- [EXERCISE DIRECTIONS]: In the records that follow, find the line with "Flat Rim (reduces"; from there, retype every line exactly through the line with "Harper (39) in", which also belongs to the answer.

- [ENTRIES SUPPLIED]:
----
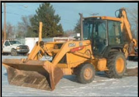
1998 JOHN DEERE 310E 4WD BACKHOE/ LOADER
----
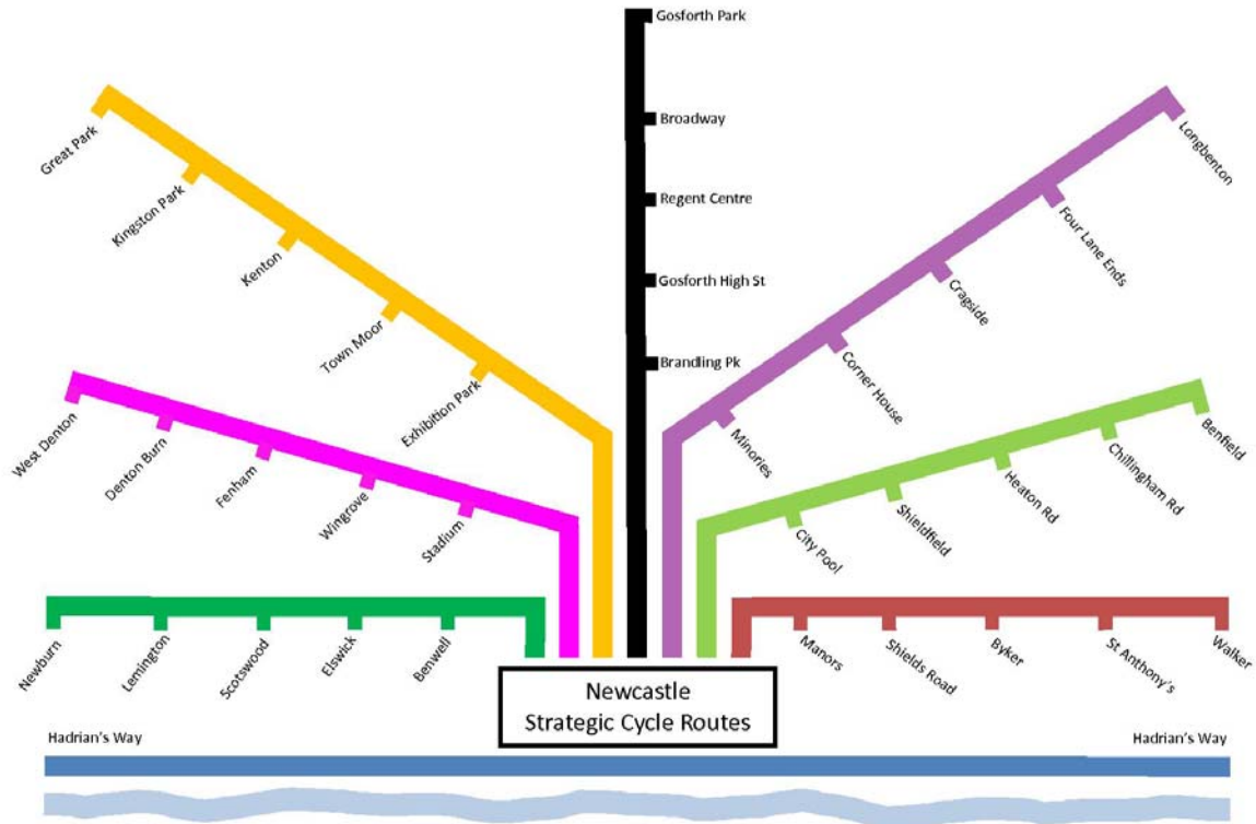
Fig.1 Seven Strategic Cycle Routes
----
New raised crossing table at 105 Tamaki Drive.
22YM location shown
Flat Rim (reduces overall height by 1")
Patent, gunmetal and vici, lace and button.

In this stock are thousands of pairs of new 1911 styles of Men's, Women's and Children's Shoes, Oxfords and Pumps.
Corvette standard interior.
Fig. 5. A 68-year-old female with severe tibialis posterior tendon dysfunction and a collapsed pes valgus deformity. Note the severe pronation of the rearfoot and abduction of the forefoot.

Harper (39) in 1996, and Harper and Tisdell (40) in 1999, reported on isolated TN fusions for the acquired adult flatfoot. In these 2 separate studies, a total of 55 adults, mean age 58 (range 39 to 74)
----
- [RESPONSE TO THIS EXERCISE]:
Flat Rim (reduces overall height by 1")
Patent, gunmetal and vici, lace and button.

In this stock are thousands of pairs of new 1911 styles of Men's, Women's and Children's Shoes, Oxfords and Pumps.
Corvette standard interior.
Fig. 5. A 68-year-old female with severe tibialis posterior tendon dysfunction and a collapsed pes valgus deformity. Note the severe pronation of the rearfoot and abduction of the forefoot.

Harper (39) in 1996, and Harper and Tisdell (40) in 1999, reported on isolated TN fusions for the acquired adult flatfoot. In these 2 separate studies, a total of 55 adults, mean age 58 (range 39 to 74)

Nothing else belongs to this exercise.